Coventry-Building-Society

Coventry Building Society's paid carers' leave initiative, which launched in July 2018, enables all 2,500 direct employees working across its 70 branches and six head office sites to take up to three days of paid leave a year to accommodate caring responsibilities.

Lucy Becque, HR director at Coventry Building Society, says: "Financial worries add to carers' worries, so [we are] trying to make sure we recognise that there are times in life where employees need additional support from us. If we made that unpaid, we might resolve a worry on one side because we provide them with time, but create a worry on another side because of financial concerns."

Coventry Building Society already offered staff a formal flexible working policy, to facilitate changing their hours on an ongoing basis, and an informal approach, enabling employees to take ad-hoc time off for occasions such as school sports days; however, the organisation wanted to do more to ensure carers had the support they needed.
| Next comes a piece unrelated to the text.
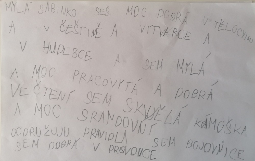 Kdo už byl bezradný, další věty ho nenapadaly, vyrazil po třídě. Zastavil se u každého spolužáka s dotazem: Co pěkného bys o mně řekl? Pokud se tazatel s větou ztotožnil, připsal si ji do svého dopisu. Některé laskavé věty spolužáky potěšily, jiné překvapily nebo nabídly jiný úhel pohledu na sebe.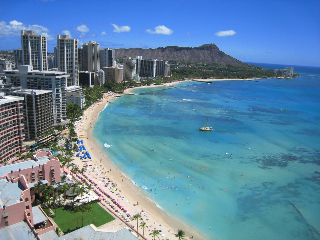 部屋に関しては30階のダイヤモンドヘッドが見える部屋で、ラナイへ出るとワイキキビーチが弧を描いてダイヤモンドヘッドに繋がる風景と、青い海が眼下に広がっていました。写真はラナイからのものです。

"Quite often, they've already used holiday, they've used up their time in lieu, so really [employers] are putting somebody in a position where the only option open to them is to take unpaid leave; that often adds to their burden," Becque explains. "We were trying to make a policy that doesn't just sound nice, but actually is accessible to everybody. If it's unpaid, realistically it's only [available] if [employees] can afford to take it."

Since its implementation, 70 employees have taken a total of 90 days of paid carers' leave. More than half (56%) of this has been to attend a child's first day at school.

Becque notes that the policy has succeeded in providing more balance across the workforce; whereas the existing flexible working arrangements were better suited to head office employees, 62% of those who have taken paid carers' leave are in customer-facing roles at the building society's branches.

The paid leave initiative was launched as part of an annual wellbeing week. "We see it first and foremost as a wellbeing initiative, because one of the biggest tensions is how [employees] make sure that [their] responsibilities sit comfortably between home and work," Becque says.

She continues: "Ultimately, a carer already has obligations on them and additional pressures; if [we] add financial pressures to those, [we are] making their life that much harder. It is making sure that we are there for our employees when they need us. It sends a strong signal in terms of how we want to be viewed as an employer."